Structured Knowledge Notation (SKN) is a drop-in replacement for JSON at the extraction layer. It encodes confidence, causality, gaps, and risk inline using a token-efficient notation. This benchmark isolates the extraction format as the single variable and measures its downstream impact on agent reasoning.

What Changed (v2)

Feature	v1	v2
LLM Provider	Anthropic Claude API (paid)	Ollama (local, free)
Default Model	`claude-sonnet-4-20250514`	`qwen2.5:7b`
Dataset Size	15 samples	50 samples
Categories	6	7 (added `multi_step`)
Extraction Variants	2 (JSON, SKN)	6 (ablation study)
Hallucination Metric	Binary detection only	Normalized (fabricated/total claims)
Statistical Rigor	Point estimates	Bootstrap 95% confidence intervals
Code Duplication	3 files with copy-pasted API client	Shared `llm.py` module
API Key Required	Yes	No

Architecture

                    +---------------------------------------------------+
                    |                   SHARED                          |
  Question ------  |  DuckDuckGo Web Search                            |
  (from dataset)   |  Returns top 5 results (title + snippet + URL)    |
                    +------------------------+--------------------------+
                                             |
                                same raw search results
                                             |
              +----------+----------+----------+----------+----------+
              |          |          |          |          |          |
              v          v          v          v          v          v
          json       json_conf  skn_no_gaps skn_no_causal skn_no_risk  skn
        (baseline)  (+ confidence) (- @gaps) (- @causal)  (- @risk)  (full)
              |          |          |          |          |          |
              v          v          v          v          v          v
            Same agent_reason() for all  -->  Same evaluator for all

Default mode runs 2 pipelines (JSON vs full SKN). Ablation mode runs all 6.

Execution Phases

Phase	What Happens	Calls per Sample (default)	Calls per Sample (ablation)
1. Search	`search_web(question)` via DuckDuckGo	1 HTTP	1 HTTP
2. Extraction	Extract using each pipeline variant	2 LLM	6 LLM
3. Reasoning	`agent_reason(context, q)` per variant	2 LLM	6 LLM
4. Evaluation	Accuracy, hallucination, groundedness judges + ECE + abstention	6 LLM	18 LLM

Default: ~11 calls/sample x 50 samples = ~550 local LLM calls. Ablation: ~31 calls/sample x 50 samples = ~1,550 local LLM calls.

Ablation Study

The ablation isolates which SKN component drives the accuracy improvement. Without this, someone could argue "SKN wins because it carries more information, not because of its format."

Variant	What It Tests
`json`	Baseline: flat entities/relationships/claims, no metadata
`json_conf`	JSON + per-claim confidence scores (tests: does adding confidence to JSON close the gap?)
`skn_no_gaps`	Full SKN minus `@gaps` (tests: how much does explicit gap listing matter?)
`skn_no_causal`	Full SKN minus `@causal` (tests: do causal chains help or hurt?)
`skn_no_risk`	Full SKN minus `@risk` (tests: does misdirection signaling matter?)
`skn`	Full SKN with all sections (proposed format)

Run with:

python -m src.benchmark --ablation

New Metrics

Normalized Hallucination Rate

The raw hallucination detection rate penalizes longer answers. A 10-sentence answer has more surface area for hallucination flags than a 3-sentence answer.

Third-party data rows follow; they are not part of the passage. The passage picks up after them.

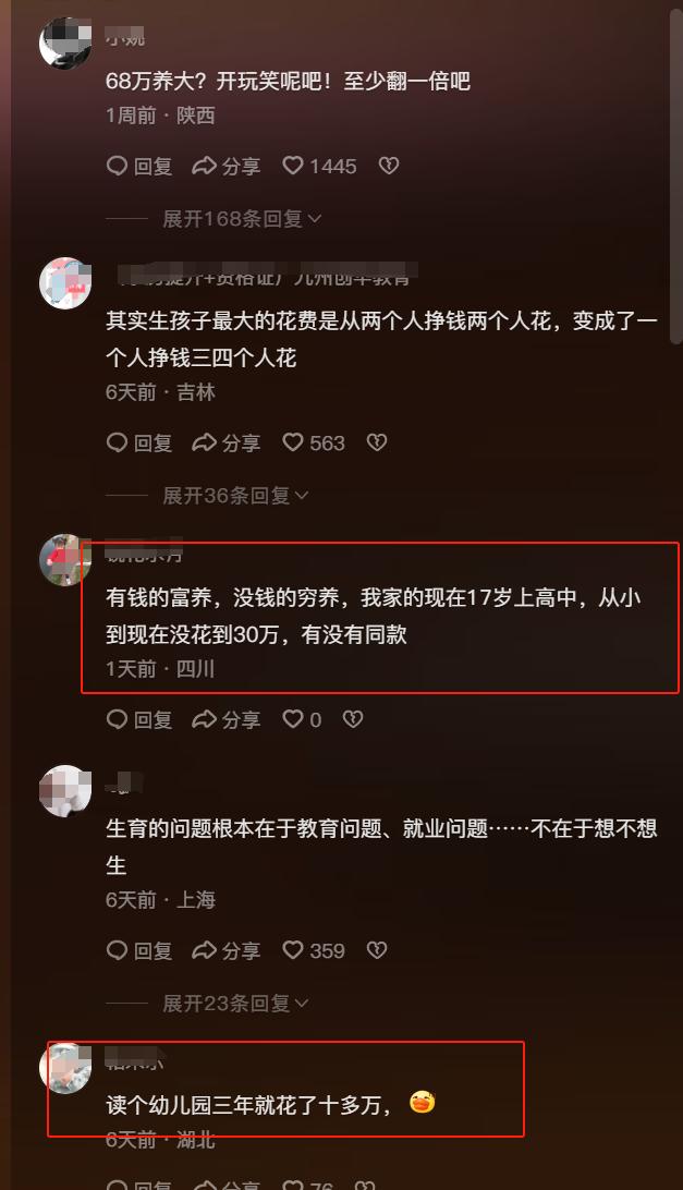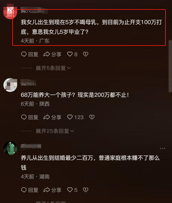 還有網友說自己孩子中考那一年的費用就已經是60多萬了。還有網友說68萬咋算出來的?現在給我200萬都不願意多生一個。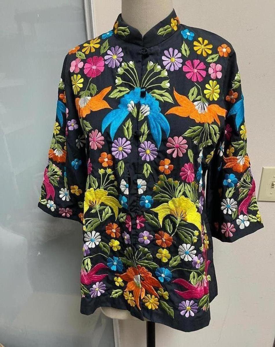 Vintage Embroidered Floral Tunic Chuchi Asian Spring Top Jacket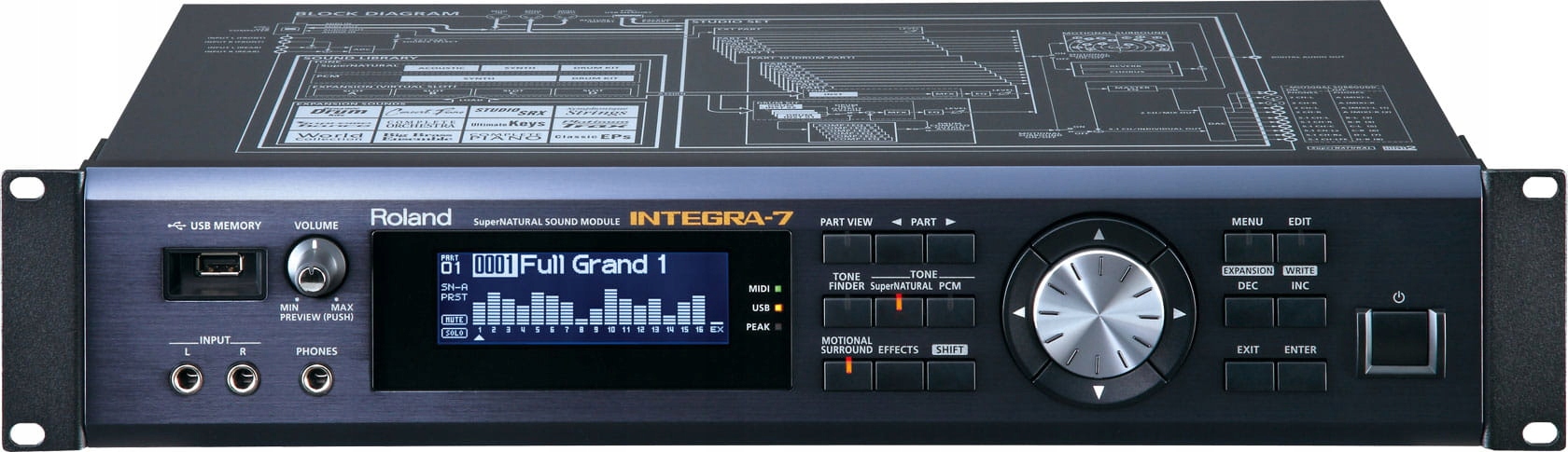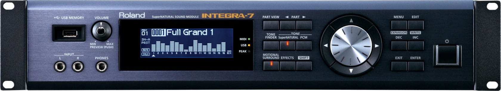 Розробивши звуки SuperNATURAL і технологію моделювання поведінки, компанія Roland стерла межу між акустичними та електронними інструментами. Заснований на цих технологіях, новий модуль INTEGRA-7 швидко надає музикантам багате джерело найновіших звуків SuperNATURAL через повністю обладнаний модуль із 16 частин. Багатство цієї потужної стійки складається з колекції «найкращих хітів» - звуків із флагманських клавішних і модулів V-Drums Roland, а також бажаних карток SRX. Він також представляє новий тип синтезу під назвою Motional Surround, механізм реверберації з 17 частин, який дозволяє графічно контролювати відстань і положення кожної частини в звуковому полі на 360 градусів. Завдяки потужності INTEGRA-7 ви можете створювати дивовижно реалістичні та детальні оркестрові аранжування, об’ємне звучання та багато іншого.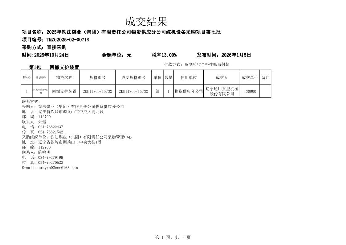 2025年10月24日综机设备成交结果(0071S)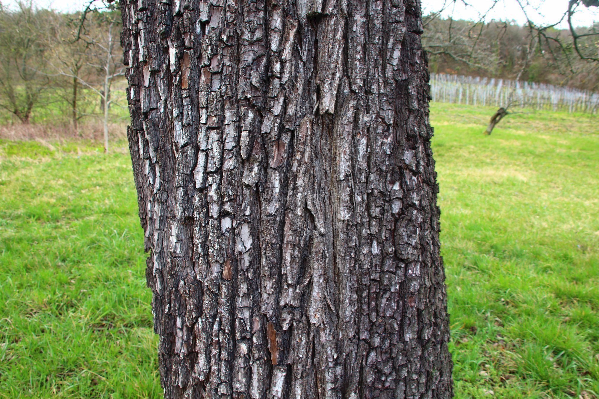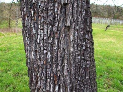 Ecorce : Au début lisse, verdâtre ou rougeâtre, puis densément fissurée, écailleuse, brun foncé.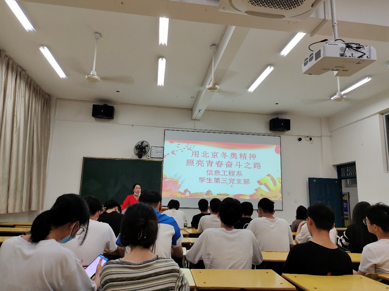 伟大的事业孕育伟大的精神,伟大的精神推进伟大的事业。为更好地弘扬北京冬奥精神,深刻领会“两个确立”的深远意义,学习习近平总书记在中国人民大学考察时的重要讲话精神,信息工程系学生第三党支部于4月28日晚在实训四407教室召开学习研讨交流会。本次学习会由信息工程系第三党支部书记刘克芹老师主持,支部学生党员、入党积极分子参加这次学习会。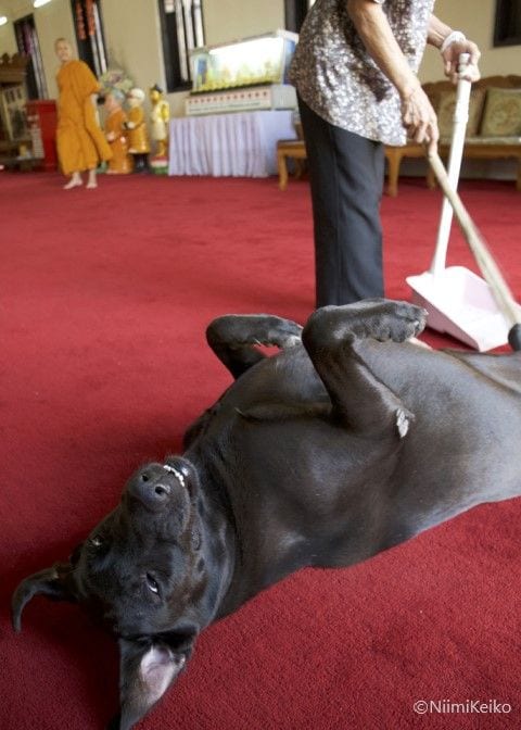 タイのチェンマイ旧市街には、多くの由緒あるお寺が点在しています。お堂の中へ入ると、犬が我が物顔でカーペットに体をこすりつけていました。抜けた毛の1本1本を、お年寄りが掃除していました。

The normalized metric fixes this:

normalized_hallucination = fabricated_claims_count / total_claims_count

This measures hallucination density rather than presence, making comparisons fairer across formats that produce different answer lengths.

Bootstrap Confidence Intervals

All key metrics now include 95% bootstrap confidence intervals (1000 resamples, seed 42). This answers: "Could this result be due to chance?"

Accuracy: 0.85 (95% CI: [0.78, 0.92])

If the confidence intervals for two formats overlap, the difference is not statistically meaningful.

Previous Results (Claude Sonnet 4, n=15)

These results were obtained with claude-sonnet-4-20250514 on the original 15-sample dataset. They demonstrate the format's potential but should be interpreted with the caveats noted in Limitations.

Metric	JSON	SKN	Winner	Delta
Accuracy	75.0%	100.0%	SKN	+25.0 pp
ECE (calibration)	0.1867	0.2325	JSON	+0.046
Hallucination rate	40.0%	60.0%	JSON	+20.0 pp
Groundedness	0.750	0.727	JSON	-0.023
Abstention F1	0.857	1.000	SKN	+0.143
Avg context tokens	686	273	SKN	2.5x fewer
Avg total latency	19.39s	15.86s	SKN	18% faster

Run the benchmark with your local Ollama model to generate fresh results on the expanded 50-sample dataset.

SKN Format Specification

[SKN]
@src <domain> | fresh:<high|medium|low> | reliability:<0.0-1.0>

@facts
  ! "critical fact from source" [<confidence 0.0-1.0>]
  . "supporting detail" [<confidence>]
  ~ "uncertain / inferred claim" [<confidence>]

@causal
  <cause> -> <effect> [<strength 0.0-1.0>]

@gaps
  - <information missing from the source>

@risk misdirection:<low|medium|high> | missing_context:<low|medium|high>
[/SKN]

Symbol Reference

Symbol	Meaning	Usage
`!`	High-priority fact	Critical information directly from source
`.`	Supporting detail	Secondary facts, context
`~`	Uncertain / inferred	Text implies but does not explicitly state
`->`	Causal link	Directional cause-effect with strength score
`[0.0-1.0]`	Confidence / strength	Inline score reflecting source support

Sections

Section	Purpose
`@src`	Source domain classification, freshness, reliability
`@facts`	Priority-ordered claims with per-claim confidence
`@causal`	Cause-effect chains with directional strength
`@gaps`	Explicit list of what the source does NOT contain
`@risk`	Misdirection and missing context risk assessment

Evaluation Metrics

1. Accuracy

LLM judge compares agent answer to ground truth semantically. Scored on answerable samples only.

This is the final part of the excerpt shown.